### Task prompt
Reproduce the listing in its entirety. Do not reproduce the pictures.

### Dataset entries
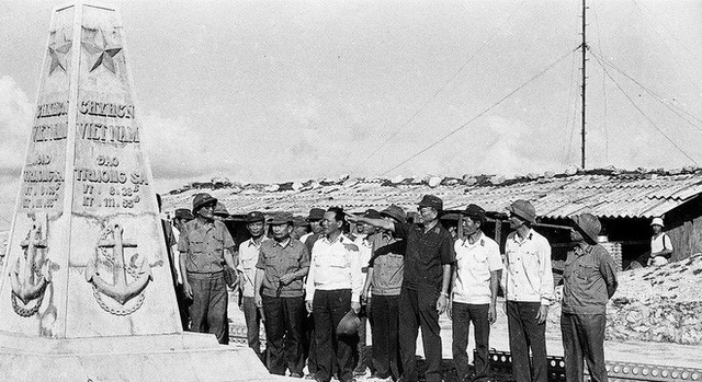 | Anfang Mai 1988 besuchte Verteidigungsminister, General Le Duc Anh Offiziere und Soldaten, die das Hoheitsgewässer Vietnams verteidigten. |
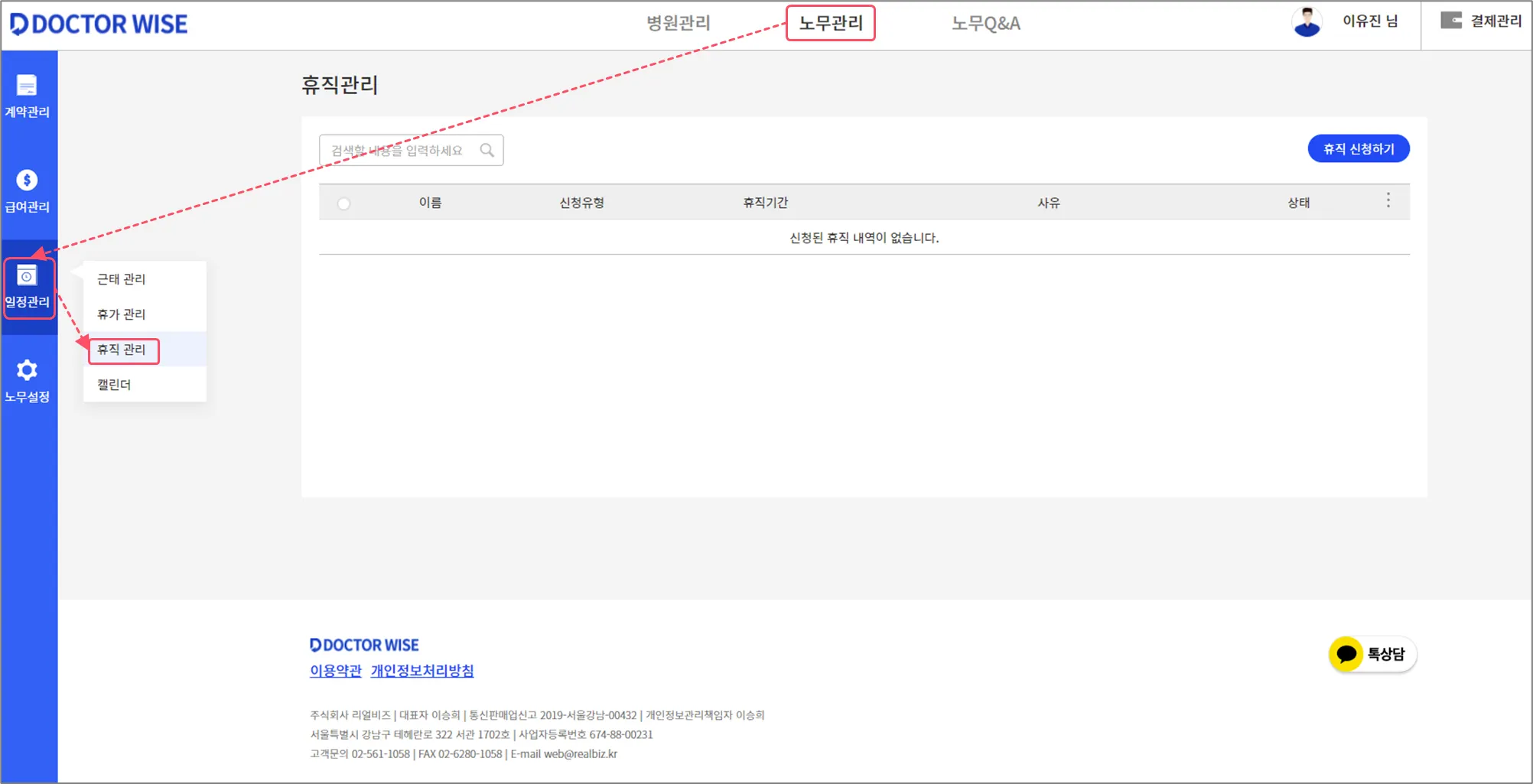 닥터와이즈는 근로자의 유급휴직, 무급휴직, 육아휴직을 손쉽게 관리할 수 있습니다.
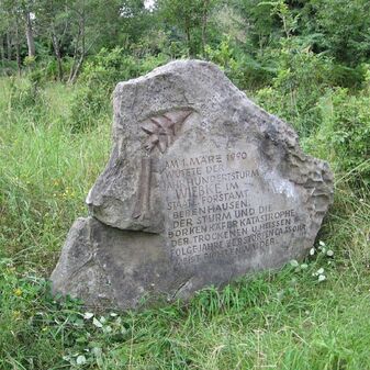 AM 1. MÄRZ 1990 / WÜTETE DER / JAHRHUNDERTSTURM / WIEBKE IM / STAATL. FORSTAMT / BEBENHAUSEN. DER STURM UND DIE / BORKENKÄFERKATASTROPE / DER TROCKENEN U. HEISSEN / FOLGEJAHRE ZERSTÖRTEN CA. 350 HA / MEIST FICHTENWÄLDER.
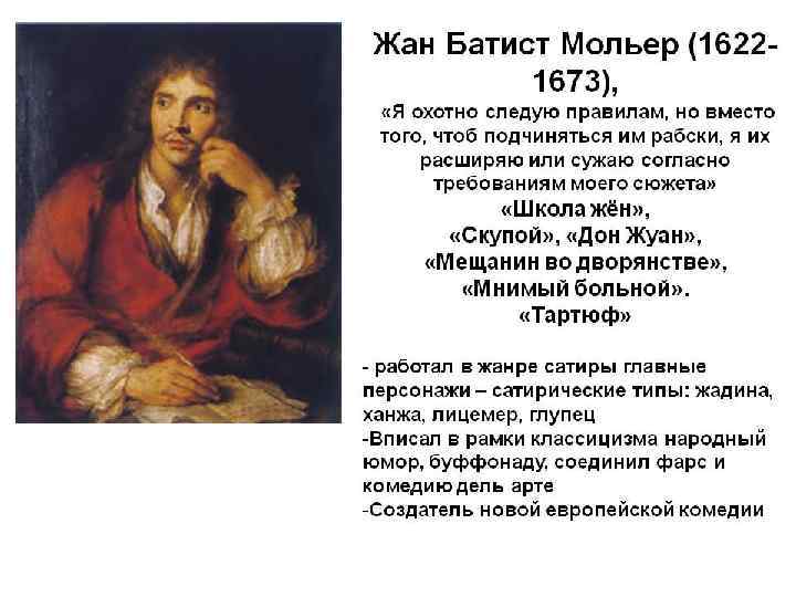 ЖАН-БАТИСТ МОЛЬЕР (1622 -1673) Жан-Батист Поклен родился в Париже; детство проводит в буржуазной среде, которая в будущем послужит фоном для многих его комедий. Его отец, королевский ковровщик, отдал сына в коллеж Клермон, где будущий драматург получил образование "порядочных людей": математика, физика, танцы, фехтование. Чувствуя влечение к театру, молодой Поклен становится актером в 1643 г. , берет псевдоним Мольер и организовывает труппу. Мольер играет модные трагедии, но успех еще не приходит к нему. Первым большим успехом Мольера в Париже стала пьеса "Смешные жеманницы" Следующие годы становятся для Мольера периодом создания самых знаменитых его пьес: "Тартюфф", "Дон Жуан" , "Мизантроп". Последние пьесы Мольера отвечают вкусам Людовика XIV: балетам, музыке, развлекательным спектаклям. Во время представления в Пале-Рояле комедии "Мнимый больной", Мольер теряет сознание, а несколько часов спустя умирает.
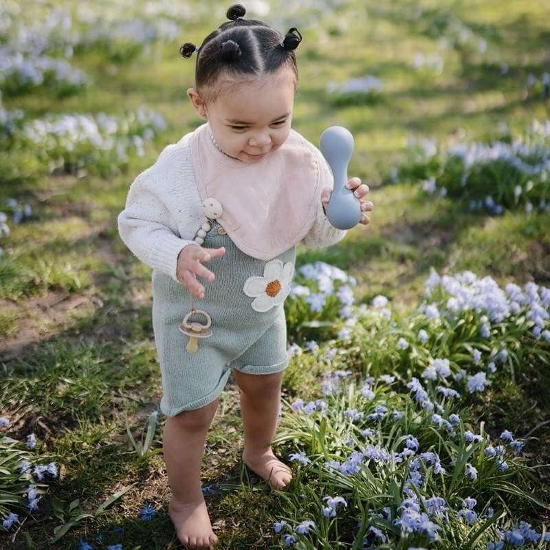 Spraw, aby czas zabawy był bardziej angażujący dzięki silikonowej grzechotce Mushie, która oferuje delikatne wrażenia sensoryczne dla najmłodszych
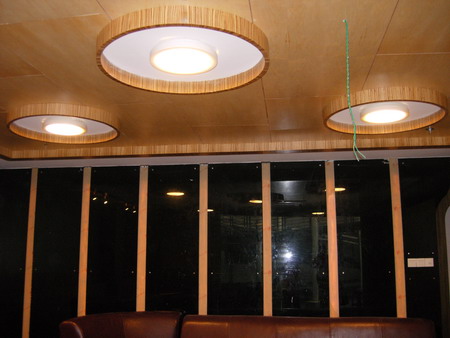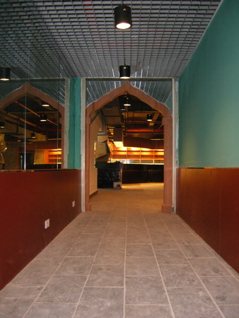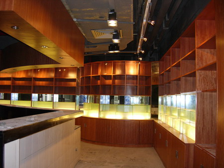 10米宽的吧台设计优雅大方,据负责人表示,将会在木质墙壁上设置钢架,展览名酒佳酿。吧台的一端,有一对玻璃柱子,盘旋而上,极具抽象美感,一片片菱形玻璃在灯光的照耀下晶莹剔透,闪闪发亮。

### Result
 | Anfang Mai 1988 besuchte Verteidigungsminister, General Le Duc Anh Offiziere und Soldaten, die das Hoheitsgewässer Vietnams verteidigten. |
 닥터와이즈는 근로자의 유급휴직, 무급휴직, 육아휴직을 손쉽게 관리할 수 있습니다.
 AM 1. MÄRZ 1990 / WÜTETE DER / JAHRHUNDERTSTURM / WIEBKE IM / STAATL. FORSTAMT / BEBENHAUSEN. DER STURM UND DIE / BORKENKÄFERKATASTROPE / DER TROCKENEN U. HEISSEN / FOLGEJAHRE ZERSTÖRTEN CA. 350 HA / MEIST FICHTENWÄLDER.
 ЖАН-БАТИСТ МОЛЬЕР (1622 -1673) Жан-Батист Поклен родился в Париже; детство проводит в буржуазной среде, которая в будущем послужит фоном для многих его комедий. Его отец, королевский ковровщик, отдал сына в коллеж Клермон, где будущий драматург получил образование "порядочных людей": математика, физика, танцы, фехтование. Чувствуя влечение к театру, молодой Поклен становится актером в 1643 г. , берет псевдоним Мольер и организовывает труппу. Мольер играет модные трагедии, но успех еще не приходит к нему. Первым большим успехом Мольера в Париже стала пьеса "Смешные жеманницы" Следующие годы становятся для Мольера периодом создания самых знаменитых его пьес: "Тартюфф", "Дон Жуан" , "Мизантроп". Последние пьесы Мольера отвечают вкусам Людовика XIV: балетам, музыке, развлекательным спектаклям. Во время представления в Пале-Рояле комедии "Мнимый больной", Мольер теряет сознание, а несколько часов спустя умирает.
 Spraw, aby czas zabawy był bardziej angażujący dzięki silikonowej grzechotce Mushie, która oferuje delikatne wrażenia sensoryczne dla najmłodszych
 10米宽的吧台设计优雅大方,据负责人表示,将会在木质墙壁上设置钢架,展览名酒佳酿。吧台的一端,有一对玻璃柱子,盘旋而上,极具抽象美感,一片片菱形玻璃在灯光的照耀下晶莹剔透,闪闪发亮。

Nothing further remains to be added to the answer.